Esto es de la escritora estadounidense Alice Walker:
"¿Qué puede decirle el hombre blanco a la mujer negra?
Una sola cosa que la mujer negra pueda oír.
(…)
Me corro para no ser obstáculo en el camino que tus hijos,
contra todo pronóstico,
están recorriendo hacia la luz. No los voy a asesinar
por soñar sus sueños
y ofrecer nuevas visiones de cómo hay que vivir. Dejaré de intentar
guiar a tus hijos,
porque ahora
puedo ver que nunca entendí hacia dónde estaba yendo.
Me sentaré en silencio durante
un siglo o dos, para pensar en esto.
Eso es lo que el hombre blanco puede decirle a la mujer negra.
Quedamos a la escucha."
¿Qué argumentar contra la lógica poética del texto de Walker? No hay duda de que hacen falta más voces oprimidas, y que deben ser escuchadas. No hay duda de que tienen que salir a la superficie más Alice Walker, más James Baldwin, más Mudroorous.
Pero nada cambiará a menos que una nueva camada de lectores tome esos textos y los haga propios, para encontrar en ellos "nuevas visiones de cómo hay que vivir". Es en los lectores que tenemos que concentrarnos, no en los escritores, sino en los lectores que harán uso de esos textos "y harán que pase algo". Mientras no se eduque así a los lectores, no habrá número de voces que cambie las cosas, pero rebotarán contra una audiencia sorda. Y si esos lectores además aprenden a buscar, a interpretar, a traducir, a llevar los textos a otros contextos, a transformarlos con múltiples capas de lecturas —si nosotros, como lectores, nos entrenamos a nosotros mismos en esa práctica— ya no pediremos que se silencie ninguna voz, porque tendremos opciones. Una voz silenciada, sea voluntariamente o no, jamás desaparece. Su ausencia se vuelve ensordecedora, insoslayable por su estridencia, por más que le lleve décadas o siglos salir a la superficie, como las voces de los esclavos, de las mujeres, de los gays. Seguramente no queremos otra ausencia, otro vacío de cientos o miles de años, sino un periodo de rectificación, donde esas voces sean oídas y compartan esa audiencia que los poderosos usurparon durante tanto tiempo.

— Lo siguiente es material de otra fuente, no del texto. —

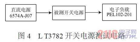 为了验证该开关电源性能,采用如图4所示的方法进行验证。因为该电源的输入电流较大,输入的直流电源采用安捷伦的6574A2J07。它的输出电流最高可达42A,输出电压在0~50V范围内可调,输出负载采用建伍的PEL1022201,通过它可以直观地看到输出电压和电流情况。经过验证,该电路完全满足使用单位需求。

También estoy convencido de que la esperanza radica en el individuo, y que las soluciones no se encuentran en las multitudes. Uno de los mayores triunfos de cualquier opresor es convertir al oprimido al uso de sus propios métodos. Un lector no tiene por qué adherir a los métodos del autor que está leyendo, ni siquiera a los métodos de otros lectores. El texto en sí mismo habilita mayores libertades de las que creemos, y es por eso que a los gobiernos en realidad nunca les gusta demasiado el alfabetismo, y también es por eso que usualmente son los escritores los encarcelados, torturados y asesinados por razones políticas, y no los buceadores de profundidad o los agentes de bolsa.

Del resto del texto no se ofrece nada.